- Directed by: Juha Lehtola
- Written by: Kari Hotakainen Juha Lehtola
- Produced by: Misha Jaari Mark Lwoff
- Starring: Hannu-Pekka Björkman Armi Toivanen Ria Kataja Asko Sarkola Leena Uotila Kari Hietalahti Della McLoud Nicole Stiles
- Edited by: Samu Heikkilä
- Music by: Halfdan E
- Production company: Bufo
- Release date: 10 November 2018;
- Running time: 108 minutes
- Countries: Finland, Denmark
- Language: Finnish
- Budget: €1,400,000

= The Human Part =

2018 Finnish drama comedy film

The Human Part (Ihmisen osa) is a Finnish drama-comedy film directed by Juha Lehtola. The film premiered in Tallinn Black Nights Film Festival, and received its local premiere in Finland on 21 December 2018. The film is inspired by Kari Hotakainen's novel of the same name. The film was written by Kari Hotakainen and Juha Lehtola. Leo Viirret worked on script adaptation and dramaturgy in the film.

== Plot ==

Pekka Malmikunnas is a bankrupt, penniless man, who has managed to convince his family that he is still a CEO of a large IT company. Keeping up this facade has become something of a full-time job for him.
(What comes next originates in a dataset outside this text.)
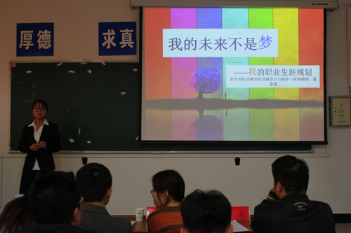 本次大赛的参赛作品分为就业组和创业组,各位参赛选手要通过作品展示、评委提问两个环节的考验。在个人作品展示部分,就业组的每位选手都结合自身实际情况与社会需求,以PPT讲解的方式从专业、职业等方面,按照“自我认知、职业认知、职业规划设计”等几个步骤进行了个人职业生涯规划作品的展示;创业组的同学也认真的分析了自己的现状,对创业项目的可行性做了细致的分析,并制定出切实可行的计划。在评委提问环节,选手们巧妙地回答了评委们提出的各种问题,精彩的表现赢得台下观众的阵阵掌声。
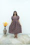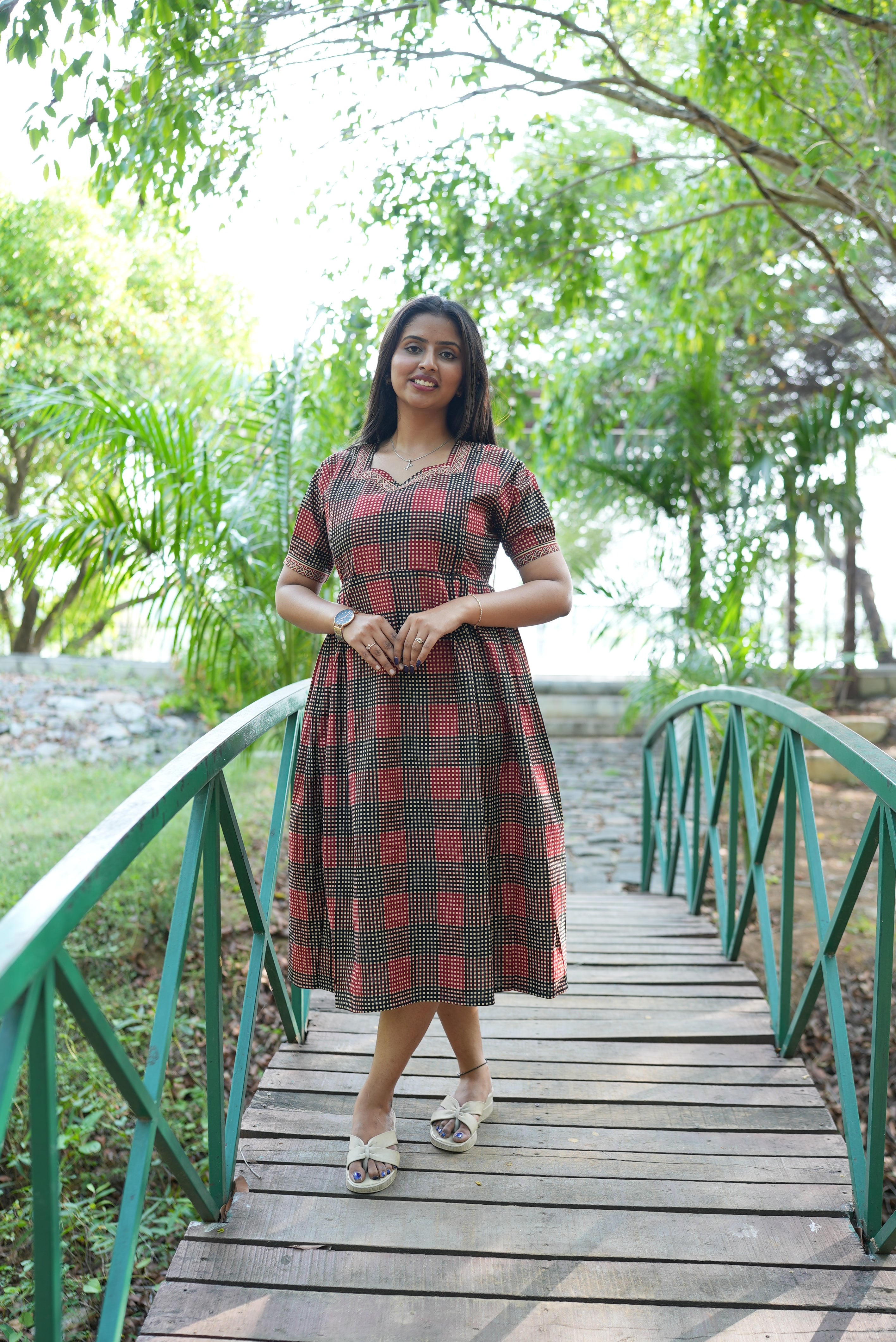 Premium Soft Cotton Maternity Maxi Frock – Invisible Dual Feeding Zippers with Stylish Neck Puff Sleeves & Geometric Check Print

When Pekka’s parents Salme and Paavo come to the city for an unexpected visit, Pekka is in trouble. In order to dispel any doubts, Pekka throws his parents and his grown-up sisters a lavish dinner party. There they bump into Kimmo Hienlahti an even bigger smooth-talker, who finally makes Pekka realize his own impossible situation. But what can Pekka do, when telling the truth is now harder than ever?

== Cast ==
- Hannu-Pekka Björkman as Pekka Malmikunnas
- Asko Sarkola as Paavo Malmikunnas
- Armi Toivanen as Maija Malmikunnas
- Ria Kataja as Helena Malmikunnas
- Leena Uotila as Salme Malmikunnas
- Kari Hietalahti as Kimmo Hienlahti

== Production ==
The film was shot in Uusimaa in October-December 2017. The film's budget was EUR 1.4 million.